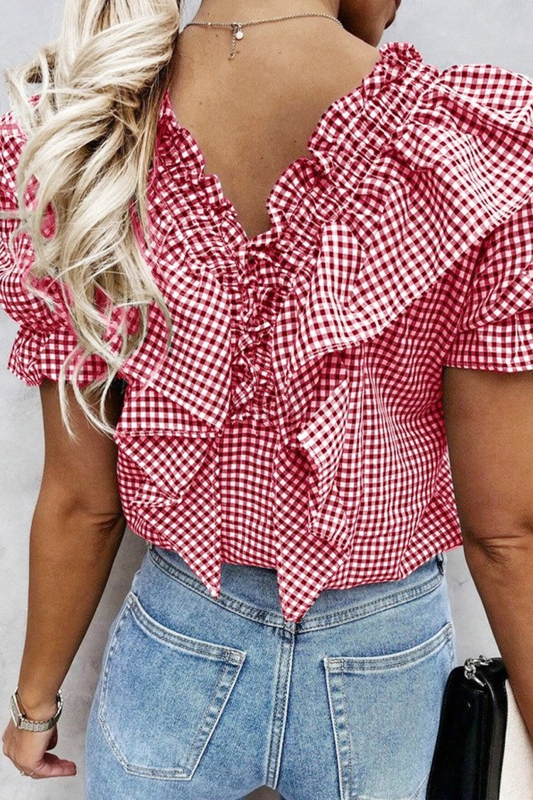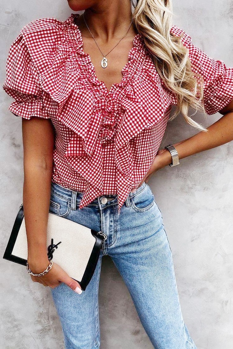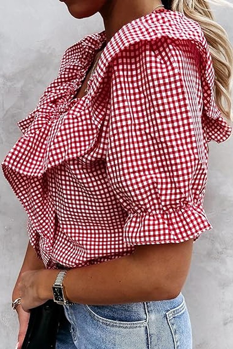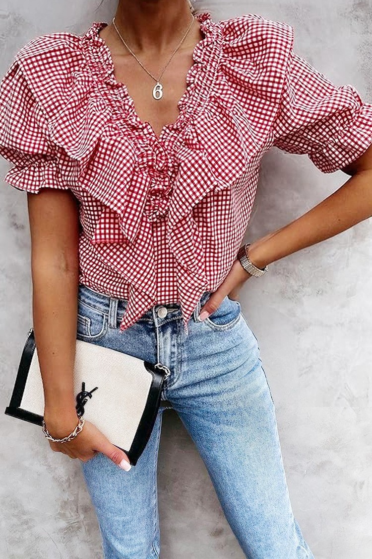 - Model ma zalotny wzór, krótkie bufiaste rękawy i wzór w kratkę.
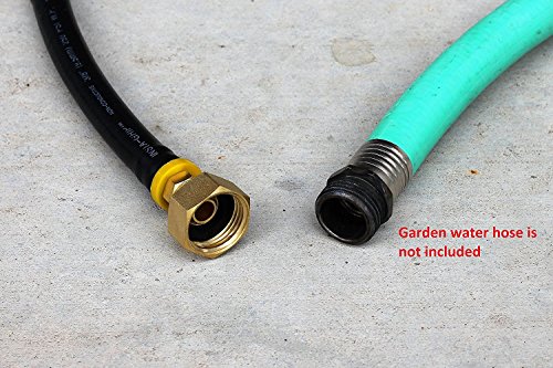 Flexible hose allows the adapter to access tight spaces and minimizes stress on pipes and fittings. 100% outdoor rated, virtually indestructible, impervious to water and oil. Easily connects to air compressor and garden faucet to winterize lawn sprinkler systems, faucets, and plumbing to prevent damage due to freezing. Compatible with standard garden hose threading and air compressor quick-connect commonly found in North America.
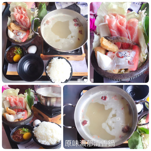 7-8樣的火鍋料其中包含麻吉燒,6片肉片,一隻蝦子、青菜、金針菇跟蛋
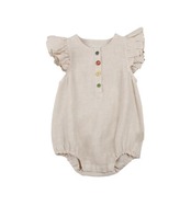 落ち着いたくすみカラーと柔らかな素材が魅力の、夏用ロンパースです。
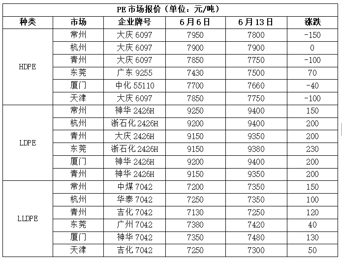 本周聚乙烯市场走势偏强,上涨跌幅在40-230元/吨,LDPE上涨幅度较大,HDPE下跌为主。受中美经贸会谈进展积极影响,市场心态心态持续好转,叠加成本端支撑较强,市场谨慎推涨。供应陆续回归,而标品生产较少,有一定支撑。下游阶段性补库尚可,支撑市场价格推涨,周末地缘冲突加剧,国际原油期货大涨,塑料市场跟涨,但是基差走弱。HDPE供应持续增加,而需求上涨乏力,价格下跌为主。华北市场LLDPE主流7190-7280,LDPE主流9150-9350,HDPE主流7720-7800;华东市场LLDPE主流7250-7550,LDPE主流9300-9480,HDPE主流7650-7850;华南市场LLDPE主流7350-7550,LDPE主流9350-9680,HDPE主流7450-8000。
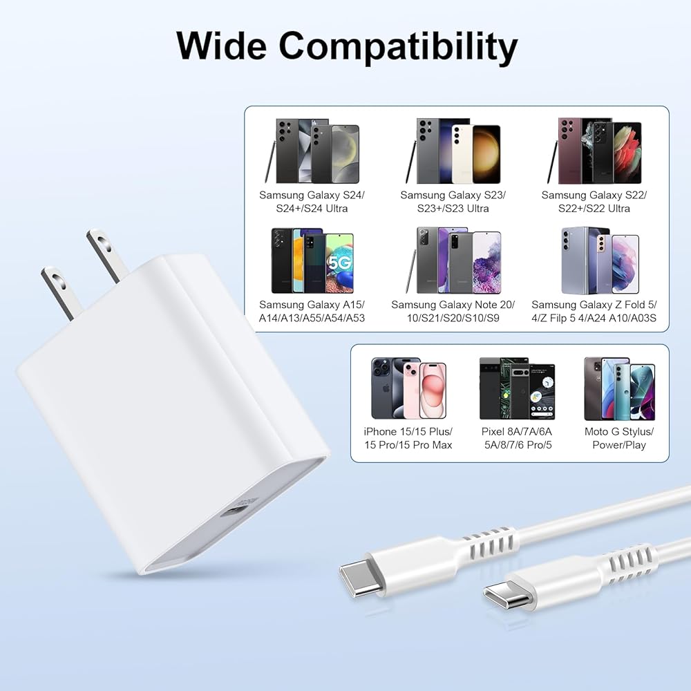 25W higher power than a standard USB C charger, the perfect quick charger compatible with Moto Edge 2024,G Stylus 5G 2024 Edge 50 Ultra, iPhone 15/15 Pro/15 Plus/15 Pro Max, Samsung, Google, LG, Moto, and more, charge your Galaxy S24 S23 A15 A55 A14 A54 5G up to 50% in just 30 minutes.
=====
- **WHAT THE TASK ASKS**: From the line containing "本周聚乙烯市场走势偏强,上涨" down to the end of the data above, reproduce each line exactly; no pictures.

- **SOLVED PROBLEM**:
 本周聚乙烯市场走势偏强,上涨跌幅在40-230元/吨,LDPE上涨幅度较大,HDPE下跌为主。受中美经贸会谈进展积极影响,市场心态心态持续好转,叠加成本端支撑较强,市场谨慎推涨。供应陆续回归,而标品生产较少,有一定支撑。下游阶段性补库尚可,支撑市场价格推涨,周末地缘冲突加剧,国际原油期货大涨,塑料市场跟涨,但是基差走弱。HDPE供应持续增加,而需求上涨乏力,价格下跌为主。华北市场LLDPE主流7190-7280,LDPE主流9150-9350,HDPE主流7720-7800;华东市场LLDPE主流7250-7550,LDPE主流9300-9480,HDPE主流7650-7850;华南市场LLDPE主流7350-7550,LDPE主流9350-9680,HDPE主流7450-8000。
 25W higher power than a standard USB C charger, the perfect quick charger compatible with Moto Edge 2024,G Stylus 5G 2024 Edge 50 Ultra, iPhone 15/15 Pro/15 Plus/15 Pro Max, Samsung, Google, LG, Moto, and more, charge your Galaxy S24 S23 A15 A55 A14 A54 5G up to 50% in just 30 minutes.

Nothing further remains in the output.